I am writing to you today to bring you up to date on a number of very important initiatives we have undertaken to help ensure that Novelis continues to be a strong and disciplined public enterprise, highly focused on building and delivering shareholder value.

Central to that effort is a commitment to make any changes necessary to bring Novelis in line with best practices in financial controls and processes and in its communications with our investors. While we believe that we have the requisite technical processes and systems in place, we know there is room for improvement. It is certainly imperative that we do a better job in providing the investment community with timely and reliable financial statements, appropriate metal risk protection in light of the sustained strength of aluminum prices, and key metrics to help shareholders understand and value the Company's operations and outlook. As a corporation, we are firmly committed to meeting the highest standards in every aspect of operating as a public company. We have heard from many of you, and we want you to know we are active listeners. I thank you for the interest you've shown in Novelis and for your constructive input.
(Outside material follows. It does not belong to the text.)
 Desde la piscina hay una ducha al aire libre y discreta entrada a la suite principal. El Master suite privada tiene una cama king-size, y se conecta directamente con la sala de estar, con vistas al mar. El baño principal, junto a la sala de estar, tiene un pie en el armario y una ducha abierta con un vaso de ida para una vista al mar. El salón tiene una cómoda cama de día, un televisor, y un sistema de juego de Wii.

It is clear that two significant factors have damaged our credibility with the investment community and have had a negative impact on our stock price performance over the past few months. The first was our inability to clearly quantify the metal price exposure resulting from the ceiling price component in can sheet contracts in North America, in the face of sustained and unexpectedly high metal prices. Second, as we have already reported, we delayed the release of our third quarter 2005 financial results and will restate our previously issued financial statements for the first and second quarters of 2005.
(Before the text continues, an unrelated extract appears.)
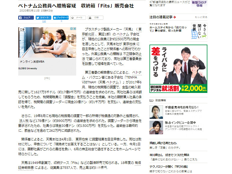 Theo Đại sứ quán Việt Nam tại Nhật Bản, bài báo trên Asahi thông tin, khoản tiền trên được lãnh đạo Cty Tenma cho phép chi trả, thực hiện qua 2 lần nhằm mục đích để cơ quan thuế Việt Nam miễn giảm khoản truy thu thuế đối với công ty con tại Việt Nam.

We have taken the following actions to properly reset Novelis for the future.

Comprehensive Program to Cap Metal Price Ceiling Exposure

As an aluminum conversion business, one of our highest priorities must be to minimize, to the extent possible, metal price exposure and volatility to our earnings. Metal risk was not a large strategic issue for our operations when we were a part of Alcan, but as we have noted in our public filings and statements, it is a significant factor for us as a stand-alone aluminum conversion business. The extremely high price of aluminum and, more importantly, the fact that prices have remained at such high levels for an extended period of time, has affected our can sheet contracts in North America, triggering the metal price ceiling clause in the contracts.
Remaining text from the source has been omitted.